This repo contains an unsupervised method to extract the conceptual table of contents of a data collection, i.e., the underlying structure of a typical document within the collection. Our method recieve a document collection as an input, and outputs the typical structure of a document along with a mapping between each ToC entry to specifc text spans within each document, as examplified in the figure below.

io-fig

Paper: https://arxiv.org/pdf/2402.13906

Contact: gili.lior@mail.huji.ac.il

*Paper was accepted to ACL 2024 findings

Demo

We provide a streamlit demo to visualize the method's output at:

https://visualize-collection-wide-structure.streamlit.app

To see the example of our method's output over a collection of 500 financial reports (Form-10K), hit the "Load example" button (marked by the red arrow below)

load-example

Quickstart

In this section we provide the steps to setup and run the method.

Prepare the environment

git clone <github_url>
cd <NAME>
python3 -m venv .venv
source venv/bin/activate
pip install -r requirements.txt
python -m spacy download en_core_web_lg

Run the document parser

cd parser
./run_all.sh -m MODEL --ds_name DATASET_NAME -i INPUT_DIR -o OUTPUT_DIR  \
    --w_title W_TITLE --w_text W_TEXT --w_index W_INDEX

Parameters:

  • MODEL: name of the model used for encoding, loaded via sentence_transformers package. List of available models can be found here.
  • DATASET_NAME: name of the dataset to parse, used for headers detection in generate_nodes_info.py. See #Apply New Dataset for further explanation on how to run this code on your own dataset.
  • INPUT_DIR: path to the directory containing the dataset to parse. This directory is expected to contain plain text files.
  • OUTPUT_DIR: path to the directory where the output will be saved. See #Output Files for further explanation on the directory format and the files it contains. this OUTPUT_DIR parameter must end with a seperator (i.e., '/').
  • W_TITLE, W_TEXT, W_INDEX: weights used for the graph building. The edges in the graph are weighted sum of the three similarities measures, weighted according these given ws, based on prior information regarding the specific dataset. For example, if you think that in your dataset the titles are very similar but the order is not strict, set high W_TITLE and low W_INDEX.

Apply New Dataset

In order to run this code on your own data, the only thing you to provide is a method that detects header candidates.

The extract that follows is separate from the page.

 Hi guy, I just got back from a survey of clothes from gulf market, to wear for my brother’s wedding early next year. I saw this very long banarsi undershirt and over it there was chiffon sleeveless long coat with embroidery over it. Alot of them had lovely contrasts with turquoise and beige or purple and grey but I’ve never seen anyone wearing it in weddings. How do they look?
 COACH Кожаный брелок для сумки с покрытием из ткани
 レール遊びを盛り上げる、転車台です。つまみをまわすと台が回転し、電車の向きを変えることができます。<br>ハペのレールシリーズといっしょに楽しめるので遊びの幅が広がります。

This method accepts as an input a string which is a line from the text and a tokenizer, and it is expected to return a boolean value indicating whether this line is a header candidate or not.

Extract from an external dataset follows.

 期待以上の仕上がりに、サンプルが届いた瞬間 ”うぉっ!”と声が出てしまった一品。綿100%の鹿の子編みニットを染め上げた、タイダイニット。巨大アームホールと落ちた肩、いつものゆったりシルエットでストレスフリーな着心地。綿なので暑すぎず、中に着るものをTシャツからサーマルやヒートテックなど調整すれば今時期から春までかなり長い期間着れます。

This method should be implemented in the file generate_nodes_info.py. It should be called from the function is_title_candidate. The following pair of lines should be added, similarly to the existing implementation of 10k and CUAD:

elif ds_name == 'DATASET_NAME':
    return is_title_candidate_DATASET_NAME(line, tokenizer)

Headers can be detected according to heuristics like number of tokens in the sentence, percentage of capitalized words, and any prior knowledge you may have regarding the dataset.

Output Files

The output directory will look as follows:

├── meta.csv
├── <model_name>
│   ├── meta.csv
│   ├── title_sim.npy
│   ├── section_sim.npy
│   ├── index_sim.npy
│   ├── logs
│   │   ├── 01_nodes_info.log
│   │   ├── 02_similarities.log
│   │   ├── 03_louvain.log
│   │   ├── 04_representative.log
│   │   ├── 05_comm_duplicates.log
│   ├── <w>title_<w>text_<w>index
│   │   ├── meta.csv
│   │   ├── meta_filtered.csv

The final output is the file meta_filtered.csv in the <model_name>/<w>title_<w>text_<w>index directory. Each line in this csv represents a section in a document from the dataset, along with information regarding its mapping to the Conceptual Table of Contents of the data collection.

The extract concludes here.